If the plan was to draft a quarterback, one ex-Bears assistant coach adds, then fire the head coach or give him an extension. Give him a real chance to develop a project.
Instead, the Bears chose purgatory.
“The Bears are just so f--ked up,” this coach says.
When Fields was drafted, his celebration was solemn. He lifted himself off the couch ever-so slowly and hugged family members.
It was now his turn to fail as the Chicago Bears starting quarterback, and supply many lessons for the next regime’s stab at the next quarterback.
There was a plan. As George McCaskey jerked the franchise toward guaranteed anguish this offseason of 2021, the GM and head coach on thin ice talked themselves into a feasible plan. After trying so hard to be like the Chiefs — and failing — Pace and Nagy believed they now had the correct infrastructure to win in the short term (Andy Dalton as their Alex Smith) and the long term (Fields as their Mahomes).
Like most QB plans ‘round here, this one burnt to ash. Fast.

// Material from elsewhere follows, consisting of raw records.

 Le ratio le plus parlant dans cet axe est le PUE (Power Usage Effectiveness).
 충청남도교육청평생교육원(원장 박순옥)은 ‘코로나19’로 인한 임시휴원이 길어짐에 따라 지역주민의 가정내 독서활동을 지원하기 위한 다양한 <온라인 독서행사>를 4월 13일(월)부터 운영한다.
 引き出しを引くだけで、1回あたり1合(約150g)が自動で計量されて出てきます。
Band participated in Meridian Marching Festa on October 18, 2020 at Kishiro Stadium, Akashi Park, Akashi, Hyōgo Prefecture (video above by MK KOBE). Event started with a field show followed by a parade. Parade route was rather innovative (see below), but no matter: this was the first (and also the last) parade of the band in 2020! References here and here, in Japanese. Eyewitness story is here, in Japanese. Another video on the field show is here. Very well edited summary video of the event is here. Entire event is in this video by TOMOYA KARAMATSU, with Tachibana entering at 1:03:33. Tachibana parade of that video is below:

In Week 2, Dalton took off on a 14-yard scramble and hopped awkwardly out of bounds. Nobody touched him but his knee buckled on the tarp covering, causing a bone bruise that thrust Fields into the starting lineup a full season prematurely. “He was not ready at all!” one assistant coach recalls. “No. No. No. No. Not even close to being ready. Not even close.” The Bears were so determined to keep Fields on the sideline, they even considered making him the No. 3 during the summer. In the end, coaches viewed scout-team reps as the No. 2 as too valuable.

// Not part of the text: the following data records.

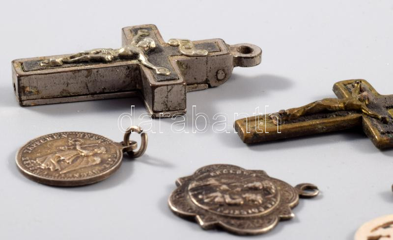 Leírás: Vegyes kegytárgy medál tétel, közte 2 darab ezüst (Ag) medállal.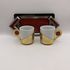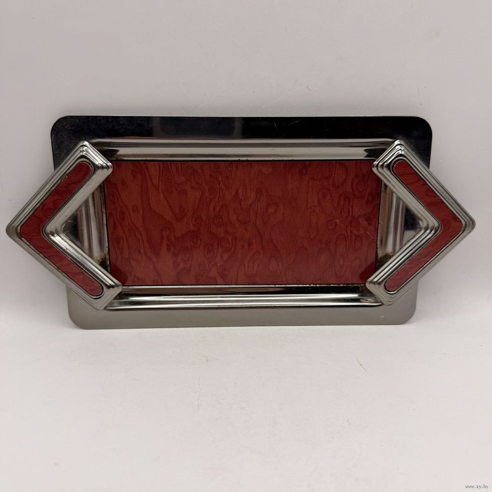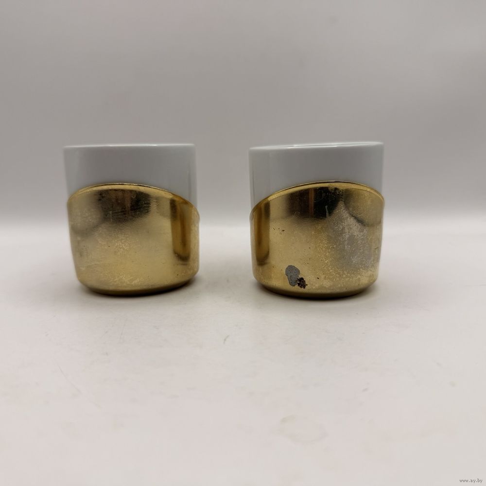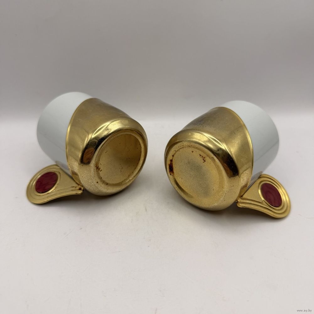 Винтажный кофейный сервиз на 2 персоны, в стиле Ар-деко. Фарфоровые чашки для эспрессо в латунных подстаканниках и металлическим подносом в комплекте. Подстаканники и поднос декорированы вставками из композитного материала. Италия. Высота чашки 6 см, объем 80 мл. Размер подноса 22 х 10 см. Следы бытования, следы коррозии внутри подстаканников и под ручками подноса, в целом не видны (см. фото, учтено в цене).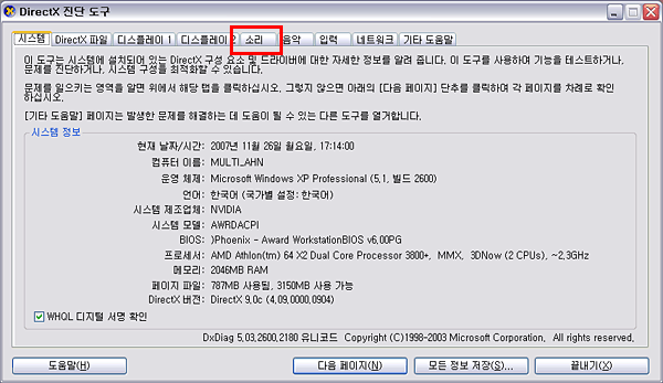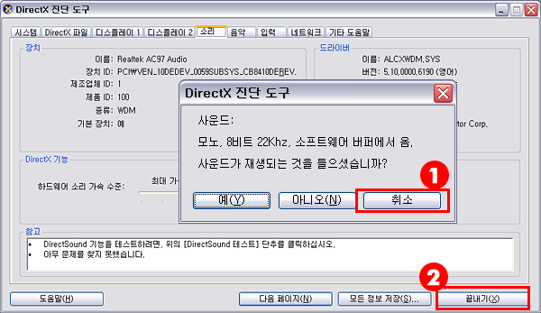 있진 않은지 볼륨이 낮게 설정되어 있진 않은지 체크 한 후 Direct X 진단 도구의 소리 옵션을 통

Now, with one sideline slip, he was the starter.
“If Andy Dalton doesn’t go down, we’re still there,” this ex-assistant says. “That was a good team. We would’ve won 10 games.”

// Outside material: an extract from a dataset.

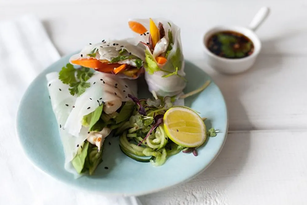 To assemble your wraps, carefully place a rice paper wrap onto a flat surface. Fill with any combination of fish, tofu, chicken, and veggies of your choice. Sprinkle with black sesame seeds and the chopped chilli if you feel like a bit more spice.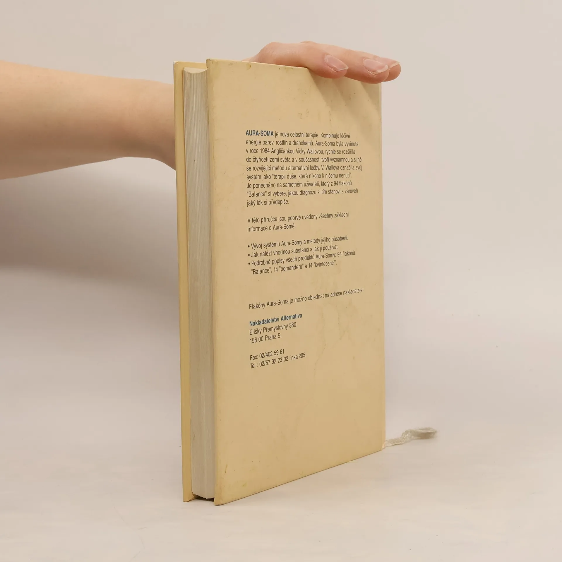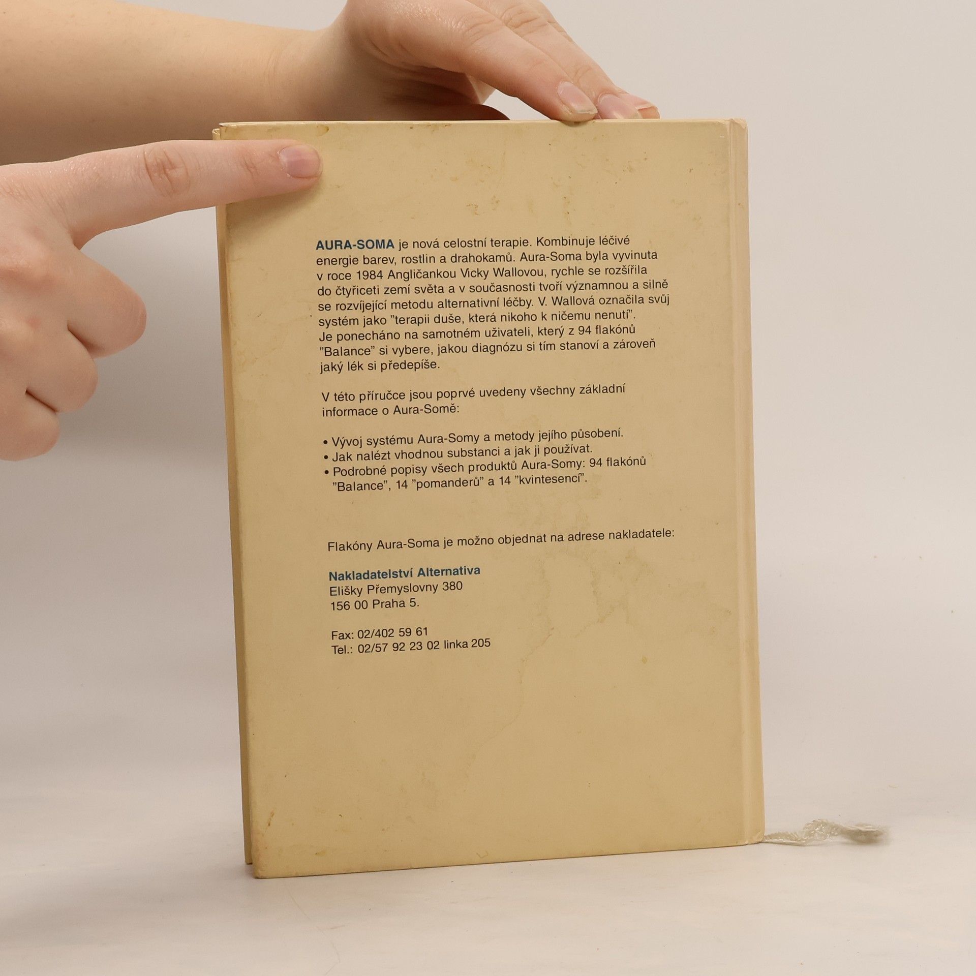 Celostní terapie kombinující léčivé energie barev, rostlin a drahokamů, Aura-Soma, byla vyvinuta Angličankou Vicky Wallovou (1984), rychle se rozšířila do čtyřiceti zemí světa a v současnosti tvoří významnou a silně se rozvíjející metodu alternativní léčby. V. Wallová označila svůj systém jako "terapii duše, která nikoho k ničemu nenutí". Je ponecháno na samotném uživateli, který z 94 flakónů "Balance" si vybere, jakou diagnózu si tím stanoví a zároveň jaký lék si předepíše. Kniha obsahuje všechny základní informace o této terapii (vývoj a metody působení, nalezení a používání vhodné substance): - Vývoj systému Aura-Somy a metody jejího působení. - Jak nalézt vhodnou substanci a jak ji používat. - Podrobné popisy všech produktů Aura-Somy: 94 flakónů "Balance", 14 "pomanderů" a 14 "kvintesencí".

Robinson, playing on the franchise tag, agrees. He can count on one hand the number of passes he even caught from Fields before Fields took over. Two? Maybe three? The vet figured it’d be tough to evolve with a rookie QB. “And,” he adds, “it ended up being pretty tough.” It got to the point where Robinson had no clue what type of offense the Bears were even running anymore. Part Nagy, part Lazor, all survival mode. Coaches tried to hide Fields as long as they could, had no choice but to take the kid gloves off, the Bears finished 6-11 and — surprise, surprise — everyone was fired.
The Vet-and-Rookie model always sounds so foolproof. Within the Bears’ own division, the Packers have famously transitioned Brett Favre to Aaron Rodgers to Jordan Love over the course of 32 years (and counting). There’s football logic behind the Atlanta Falcons’ decision to sign Kirk Cousins and draft Michael Penix Jr. After slumming at the position for three years, nobody should blame GM Terry Fontenot for going all-out at the most premium position in sports.
But it’s also silly to expect all parties involved to hold hands, sing songs and watch film together in harmony. You’re welcoming potential volatility.
Egos are involved. There’s no way to accurately predict how the dynamic will play out inside of a quarterback room. Green Bay’s Brian Gutekunst hoped Love’s presence would motivate an all-time grudge-holder… and he was right. Rodgers won two more MVPs. Meanwhile, in Philadelphia, the presence of Jalen Hurts shook Carson Wentz. The incumbent was never the same. One source assures Cousins is not happy in Atlanta. We’ll see how he channels these emotions.
On paper? Fields learns from one QB (Dalton) who had started 142 games and another QB (Foles) who slayed Tom Brady in the Super Bowl. A rookie’s dream.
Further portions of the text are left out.